▶ Problem statement
Looking at the data below, state how many lines contain "Francesco". No other words are wanted.

[Data entries]
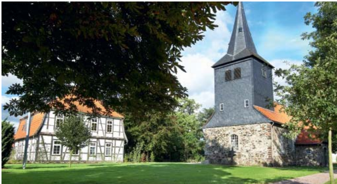
St. Petri Kirche in Hänigsen
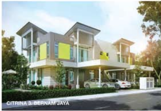
CITRINA 3, BERNAM JAYA

Kunjungi kami dari 27 Feb - 8 Mac 2015 • 10 pagi - 8 malam
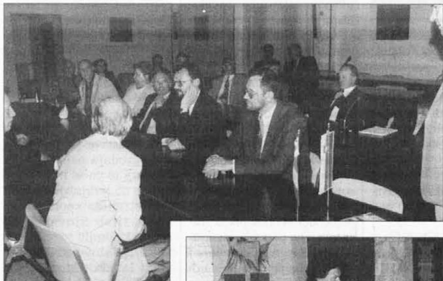
Slovenski poslanci na obisku v Spetru

Brez olepsavanja so predstavili dramatično sliko slovenske manjšine v Benečiji, kakršna izhaja že iz samega podatka, da če se je pred 45. leti rodilo v nadiskih dolinah 515 otrok, se jih je predlanskim rodilo desetkrat manj, le 56. Torej gre za skupnost, ki je življensko
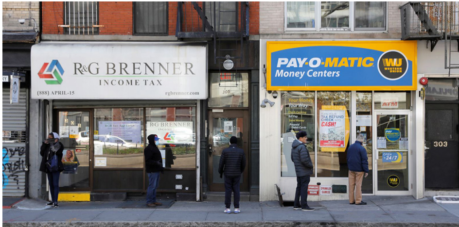
2020年4月2日，人们进入纽约市一家支票兑现公司。

目前仍在全球蔓延的武汉肺炎疫情，中国的“老朋友”美国如何应对？俗话说：不比不知道，一比吓一跳。
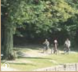
Etang des moines à Fourmies.

En Avesnois, nature et industrie sont intimement liées. Si le sol possède des richesses, encore faut-il pouvoir les exploiter. Si le paysage se révèle un obstacle, l'homme finit toujours par le surmonter. A l'image de ce constat, le site des Etangs des Moines honore d'une certaine façon, ces hommes d'église qui contribuèrent au développement de l'industrie métallurgique dans ce coin du département, en maîtrisant l'eau.
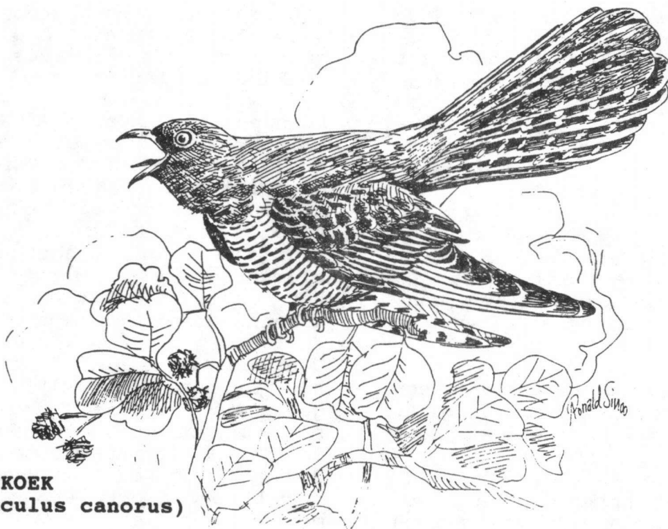
* KOEKOEK ( Cuculus canorus )

dus als ik straks wat domme dingen over vogels zeg dan moet u mij dat maar niet kwalijk nemen.
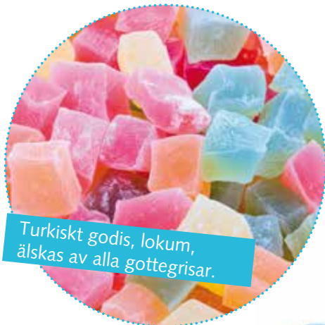
Turkiskt godis, lokum, älskas av alla gottegrisar.

Här har vi samlat ett urval av de bästa souvenirer som du hittar överallt i Turkiet. Kontakta oss guider för att höra närmre om de bästa butikerna och marknaderna.
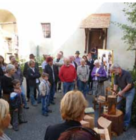
Tag des Denkmals 2011, Pichlhofen, Schloss

Der Denkmaltag für Schulen ist seit 2005 Fixpunkt in der Kulturvermittlung. 2011 konnte ein Pilotprojekt gestartet werden, das exemplarisch zeigt, wie dieser Tag im Sinne von Schulen für Schulen neu umgesetzt werden kann: Ein ganzes Projektsemester lang befassten sich Kinder und Jugendliche der beiden Praxisschulen der Pä-
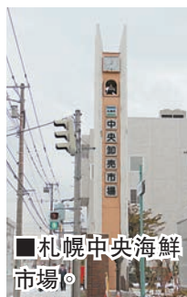
札幌中央海鮮市場

北海道大學出來不遠，便是中央海鮮市場。這裡是北海道最大的海鮮市場，每年有各種最為新鮮的海產發往日本各地及海外。更有許多海產餐廳將剛打撈的海鮮現場加工，為遊客們提供美味的海鮮宴。在北海道，最為有名的海鮮便是帝王蟹，而冬季正是帝王蟹上市的季节。從200-300米的冰冷海水中打撈出來的帝王蟹不僅個頭巨大，而且肉質鮮美，堪稱日本螃蟹之最。餐廳通常選擇煮熟的簡單烹飪方法，輔以佐料，讓食客盡情品嚐蟹肉的鮮美。如果想品嚐更多螃蟹的做法，可以到札幌市中心的蟹本家和蟹將軍。這裡的螃蟹宴琳琅滿目，能把螃蟹做成湯、丸子、刺身、輕炸等各種類型，讓食客大飽口福。
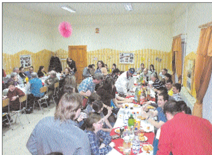
Civil szervezetek estéje...

ink hagyományá növekedett ki magukat, melyek szerves részei a helyi közösség életének.
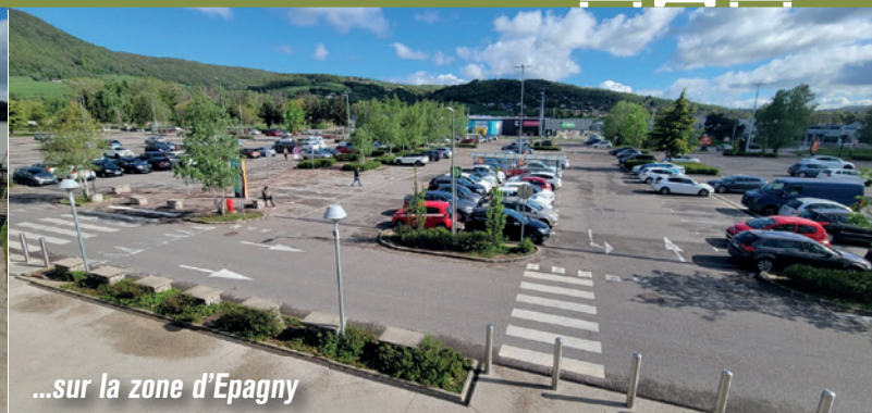
...sur la zone d'Epagny

Il est tout à fait possible de donner un avenir à l'industrie et à l'artisanat dans le Grand Anancy en optimisant les 770 hectares de zones d'activités existantes.
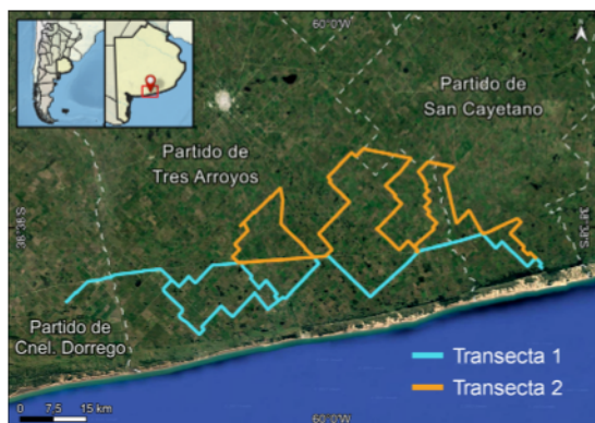
Figura 1. Área de estudio en el sur de la provincia de Buenos Aires. Mapa base: Instituto Geográfico Nacional RA (base de datos geoespacial), ©2022 Google (imagery), Natural Earth (raster data).

Los muestreos de cauquenes se realizaron utilizando el método de transecta de ancho fijo, principalmente sobre caminos secundarios (Davis y Winstead 1980, Tellería 1986, Galindo Leal 1997). La elección de este método de muestreo se estableció con la finalidad
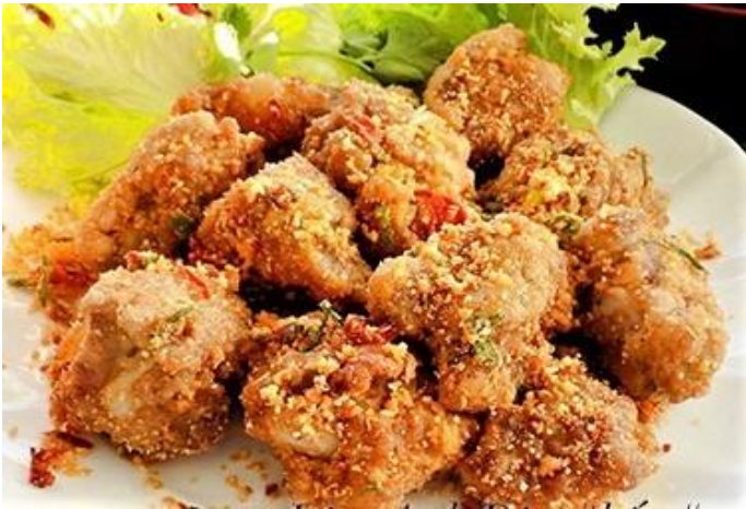
なんこつ豚のスパイシー唐揚げ
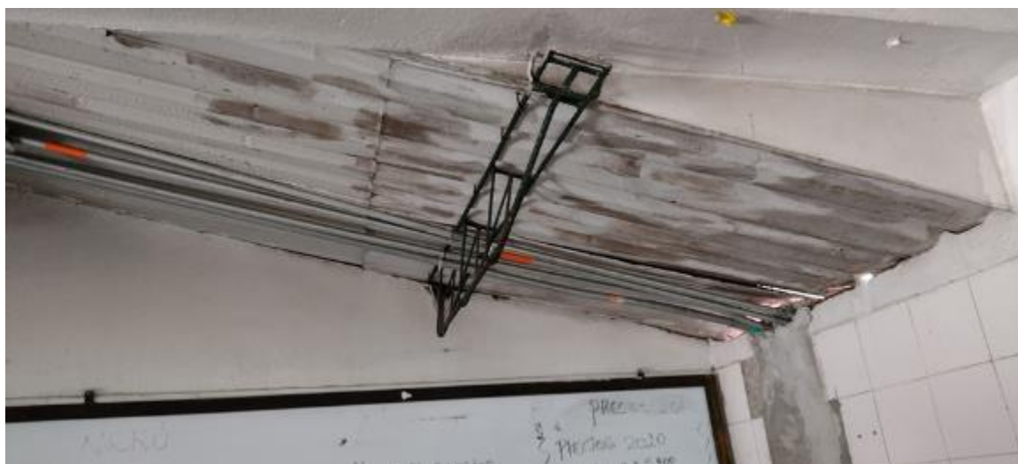
Casino en general en mal estado, se requiere la construcción de una estructura que cumpla con todas las normas para la preparación de alimentos y sea un lugar seguro
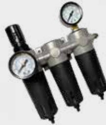
Conjunto industrial de Preparação de Ar
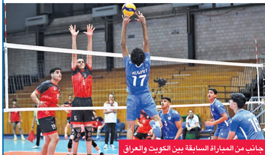
جانب من المباراة السابقة بين الكويت والعراق
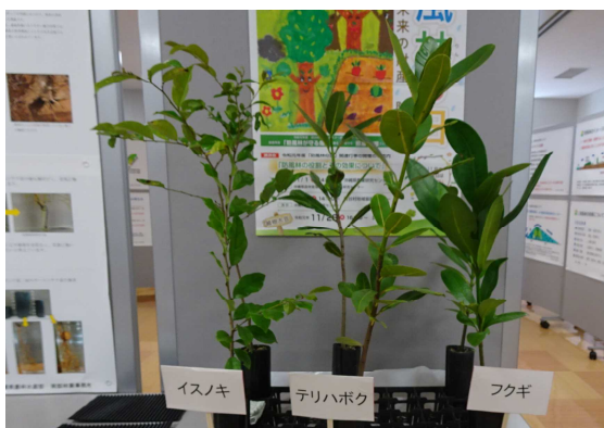
Mスターコンテナ苗の展示
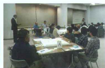
ボランティア体験講座
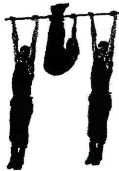
Рис. 4. Поднимание ног к перекладине

Упражнение 5. Подъём переворотом на перекладине (рис. 5).
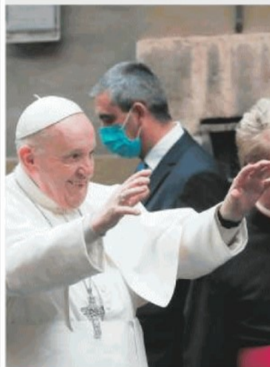
SCIVOLONE Papa Francesco saluta i cronisti senza mascherina

M isericordia per il Papa. A Roma è una mattina tiepida di primavera e Francesco viene scortato in auto fino alla chiesa di Santo Spirito in Sassetta, qui dove via dei Penitenziari si immerge nel cuore del Borgo, che deve il nome al vecchio ospizio che dava ristoro ai pellegrini inglesi: Burgus Saxonum.
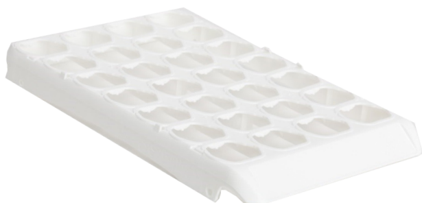
3000689: Medinoxx Meditray 7 X 4 Re-Use
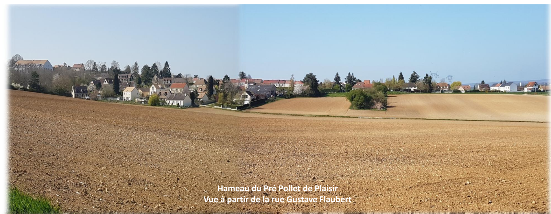
Hameau du Pré Pollet de Plaisir Vue à partir de la rue Gustave Flaubert
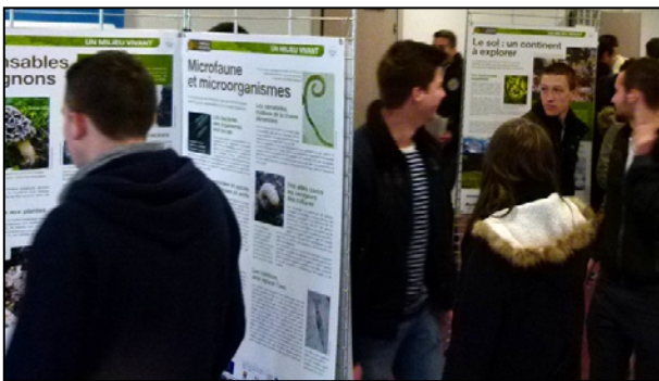
Figure 11 - Exhibition "Soils and secret lives" at the agricultural high school of Robillard - 13 March to 1st April 2015 - 150 students.
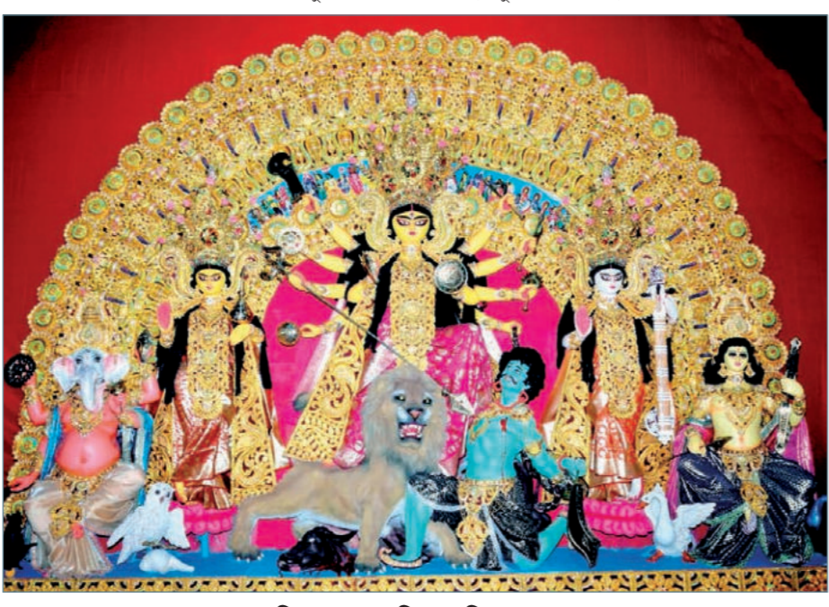
বড়িশা কর্নারের প্রতিমা।

হবে সমস্তরকম স্বাস্থ্যবিধি। মানা হবে সামাজিক দূরত্ব। কোনও বছরই তাঁরা যিমের পুজো করেন না। এ বছরেও করা হচ্ছে না। এবার তারা তৈরি করেছেন পুরনো একটা রাজবাড়ি। যেখানে করা হয়েছে থার্মোকানের কাজ। সৌরভদের

▶ Problem solution
2